# Thanks!, The host that are the most!



## plantbrain (Jan 23, 2004)

I wanted to peprsonally thank all you guys for helping out over the weekend and thank your wives, kids and friends also!

I had a great time and made it back intact. 
Keep growing!

See anyone posting on line near by your neck of the woods, nab them.

Regards, 
Tom Barr


----------



## EcleckticGirl (Jul 26, 2005)

You're very welcome, Tom. I certainly enjoyed hanging out with you all day Sunday.

Thanks again for the reactor.


----------



## MatPat (Mar 22, 2004)

You are more than welcome Tom but I think we should be the ones thanking you! You gave us all some help that is hard to come by at this stage of the planted tank hobby. It's not very often people in our neck of the woods get one on one advice for our tanks! 

The CO2 issue in my 75g is responding very well. The tank was pearling yesterday as it would if I just did a water change. The 5.8 pH is a little scarry given the numbers but it seems to be working so far! I will begin working on the other tanks today...

Thanks for the Elatine 'Yuba' and Utricularia sp you brought along. I think Rob is going to enjoy the Elatine triandra also!


----------



## Rob Tetrazona (Jun 21, 2005)

Not a problem, Tom. I really enjoyed listening to everything you had to say. I think Bitie misses playing with you.

Please jog my memory. For my 75 gallon planted tank, did you recommend mixing 50lbs of Black Turface w/ 50lbs of Black Sand? I want to make sure I get my order right. Thanks!

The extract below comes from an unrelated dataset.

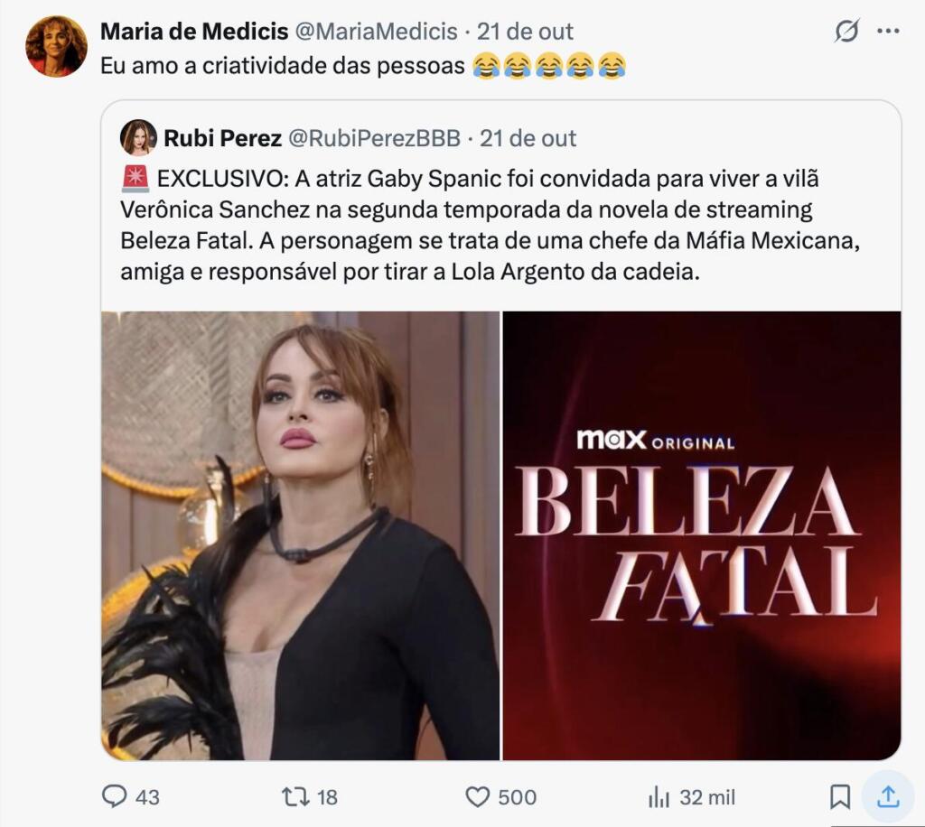 Ao se deparar com os boatos, Maria de Médicis reagiu com descontração e bom humor. “Eu amo a criatividade das pessoas”, escreveu no X, acompanhando a publicação com emojis de risada. Mas, deixando claro que encara a história como uma brincadeira da internet.

Matt, thanks for the Elatine triandra. I love new plants...or trying a plant again that I've killed in the past!


----------



## ctmpwrdcamry (May 23, 2005)

Tom,

Your a welcome back anytime. Unfortunatly i was one of the few who was not able to meet you do to the flight mix up, hopefully another time. Thanks for the advice anyway.

Sean


----------